→ INPUT FOR THIS TASK:
━━━━
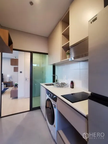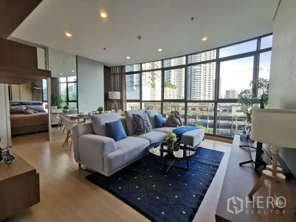 Discover a 61 sqm, 2-bedroom, 2-bath condominium in Ratchathewi, Bangkok, set near BTS Nana for effortless city commuting. The open-plan living and dining area enjoys floor-to-ceiling windows and city views, while a sleek fitted kitchen with hob and hood makes everyday cooking easy. The master suite includes an ensuite and built-in wardrobe; the second bedroom is served by a stylish bathroom with a glass shower. Facilities include a swimming pool, fitness center, secure parking, keycard access, and 24-hour security.
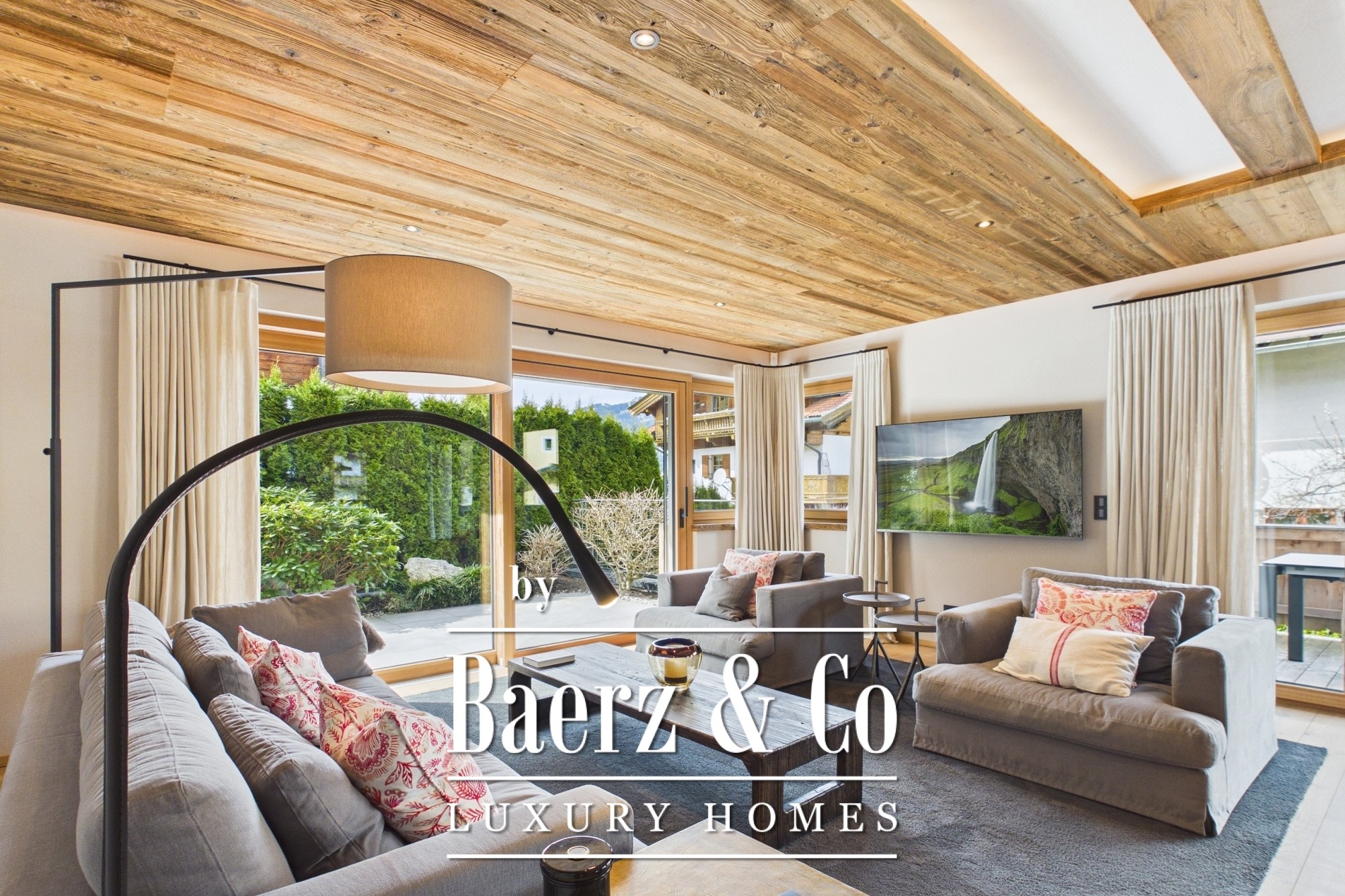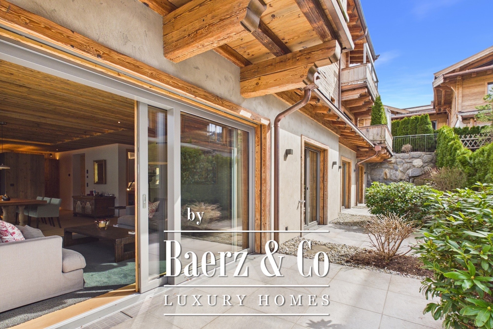 Apartment Kirchberg in Tirol offers a refined living experience at the end of a quiet cul-de-sac, set slightly elevated with close proximity to ski slopes and the town center. Encompassing a generous 135 m² of living area, this residence is distinguished by three rooms each with en-suite bathrooms, two configured as bedrooms, and a large wellness room complete with sauna. An open-plan living, dining, and kitchen area becomes the social heart of the home, featuring reclaimed wood ceilings and a custom-built kitchen fitted with Miele appliances.
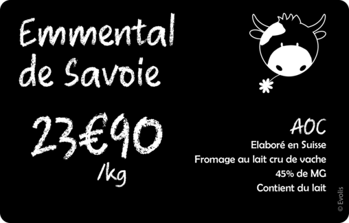 – Un logiciel de création et d’impression d’étiquettes de prix, intuitif et très simple d’utilisation. En quelques clics, mettez à jour votre liste de produits dans un tableau, et affichez les informations pertinentes de manière soignée sur vos étiquettes (allergènes,prix au poids, origine des pièces de viande…). Chaque étiquette de prix peut être adaptée à vos besoins, tant en termes de texte que de présentation visuelle. Différents modèles sont proposés, pour vous guider dans la création : modèle neutre ou aux couleurs de votre enseigne, c’est vous qui choisissez.
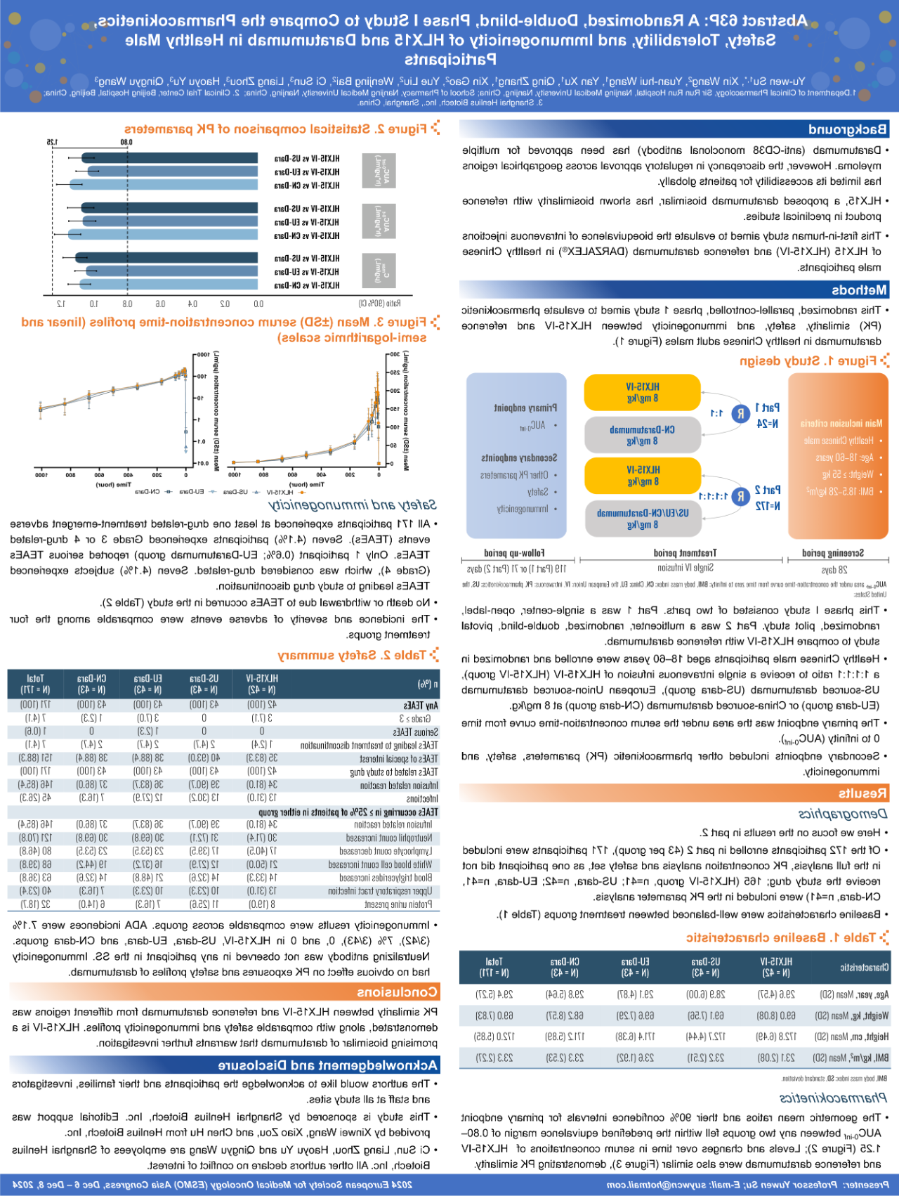 Of the 172 participants enrolled in part II (43 per group), 165 (group A, n=41; group B, n=41; group C, n=42; group D, n=41) were included in the PK analysis. The geometric mean ratio and its 90% confidence intervals for primary endpoint AUC0-inf between any two groups were within the predefined equivalence margin of 80.00–125.00%, indicating PK similarity between HLX15 and the reference daratumumab. Other PK parameters were also comparable. Treatment-emergent adverse events (AEs), treatment-related AEs and AEs of special interest were mostly mild (grade 1 to 2) and similar across all groups. The overall positive rate of anti-drug antibody was also comparable across the groups with no neutralizing antibody being detected.
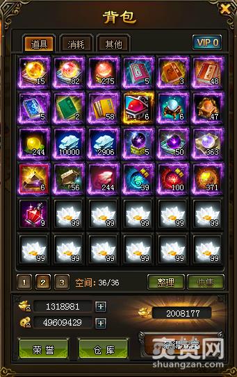 玩家背包分为三种:道具、消耗、其他。背包用格来进行表示,玩家可以在背包中存放各种物品,并随时使用。系统默认给新手玩家一定数据的背包格数,玩家可通过任务、活动或购买等多种方式进行背包扩展。背包每格所放物品的堆叠数依据物品的类型不同。
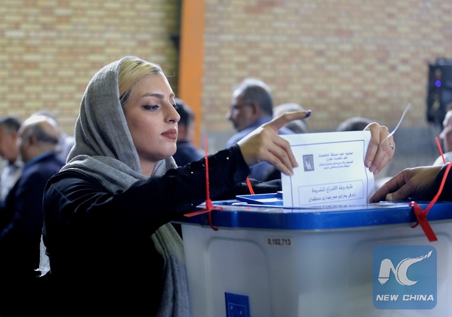 An Iraqi woman living in Iran votes at an overseas polling station for Iraq's parliamentary elections in southern Tehran, Iran, on May 11, 2018. Thousands of Iraqis living in Iran casted their ballots in the country. The 2018 parliamentary election is the first one since Iraq's historical victory over the Islamic State group. (Xinhua/Ahmad Halabisaz)
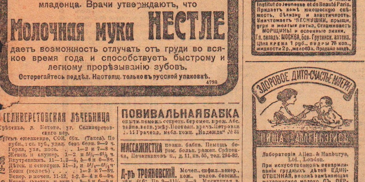 Напомним, что слово “реклама” произошло от латинского “reclamare” — выкрикивать. И, соответственно, в этот громогласный день приглашаем узнать, чем завлекали газетные объявления дореволюционных врачевателей и торговцев лекарствами, на нашей мини-выставке “Спрашивайте во всех аптеках! Медицинская реклама и пропаганда конца XIX- начала XX веков”.
━━━━
→ REQUIRED WORK:
Return exactly the lines from the one with "玩家背包分为三种:道具、消耗" through the last line of the entries above, both ends included. No pictures may appear in the copy.

→ ANSWER BOX:
 玩家背包分为三种:道具、消耗、其他。背包用格来进行表示,玩家可以在背包中存放各种物品,并随时使用。系统默认给新手玩家一定数据的背包格数,玩家可通过任务、活动或购买等多种方式进行背包扩展。背包每格所放物品的堆叠数依据物品的类型不同。
 An Iraqi woman living in Iran votes at an overseas polling station for Iraq's parliamentary elections in southern Tehran, Iran, on May 11, 2018. Thousands of Iraqis living in Iran casted their ballots in the country. The 2018 parliamentary election is the first one since Iraq's historical victory over the Islamic State group. (Xinhua/Ahmad Halabisaz)
 Напомним, что слово “реклама” произошло от латинского “reclamare” — выкрикивать. И, соответственно, в этот громогласный день приглашаем узнать, чем завлекали газетные объявления дореволюционных врачевателей и торговцев лекарствами, на нашей мини-выставке “Спрашивайте во всех аптеках! Медицинская реклама и пропаганда конца XIX- начала XX веков”.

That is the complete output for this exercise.